YOUR ASSIGNMENT » Only the lines below from the one containing "Flexibles Erdungsband bzw." through the one containing "Óculos de sol" belong in the answer, set down exactly, with the pictures left out.

PROVIDED ENTRIES »

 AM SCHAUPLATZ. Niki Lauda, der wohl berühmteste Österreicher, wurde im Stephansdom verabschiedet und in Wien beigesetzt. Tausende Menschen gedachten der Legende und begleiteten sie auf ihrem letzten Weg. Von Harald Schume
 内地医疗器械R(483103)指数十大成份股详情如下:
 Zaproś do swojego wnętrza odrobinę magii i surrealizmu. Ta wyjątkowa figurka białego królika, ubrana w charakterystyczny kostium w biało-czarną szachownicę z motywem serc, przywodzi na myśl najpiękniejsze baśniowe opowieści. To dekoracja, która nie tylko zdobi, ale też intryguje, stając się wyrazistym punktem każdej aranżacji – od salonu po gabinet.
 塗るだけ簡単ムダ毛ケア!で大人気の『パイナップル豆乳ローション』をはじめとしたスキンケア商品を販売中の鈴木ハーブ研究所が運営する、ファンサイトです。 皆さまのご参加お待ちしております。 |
...
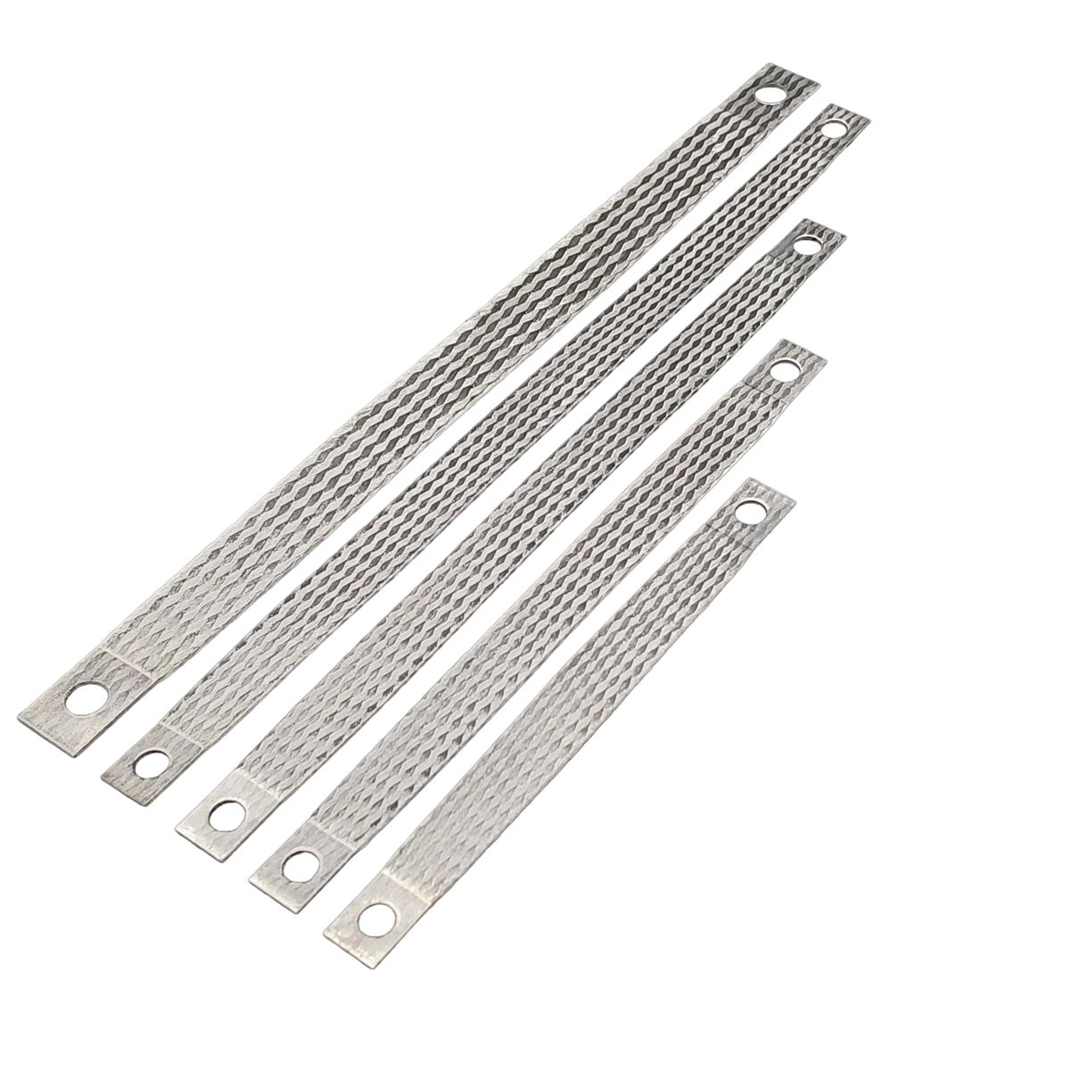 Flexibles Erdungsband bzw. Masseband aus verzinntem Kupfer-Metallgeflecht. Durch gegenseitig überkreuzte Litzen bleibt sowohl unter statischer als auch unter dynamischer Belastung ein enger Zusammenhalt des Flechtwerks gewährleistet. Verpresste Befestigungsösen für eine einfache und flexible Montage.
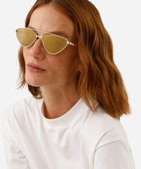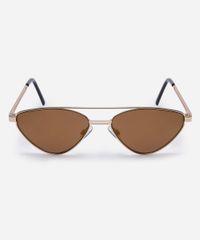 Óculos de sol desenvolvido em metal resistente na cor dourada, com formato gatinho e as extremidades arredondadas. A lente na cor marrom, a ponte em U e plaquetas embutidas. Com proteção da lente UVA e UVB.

RESULT FOR THIS EXERCISE »
 Flexibles Erdungsband bzw. Masseband aus verzinntem Kupfer-Metallgeflecht. Durch gegenseitig überkreuzte Litzen bleibt sowohl unter statischer als auch unter dynamischer Belastung ein enger Zusammenhalt des Flechtwerks gewährleistet. Verpresste Befestigungsösen für eine einfache und flexible Montage.
 Óculos de sol desenvolvido em metal resistente na cor dourada, com formato gatinho e as extremidades arredondadas. A lente na cor marrom, a ponte em U e plaquetas embutidas. Com proteção da lente UVA e UVB.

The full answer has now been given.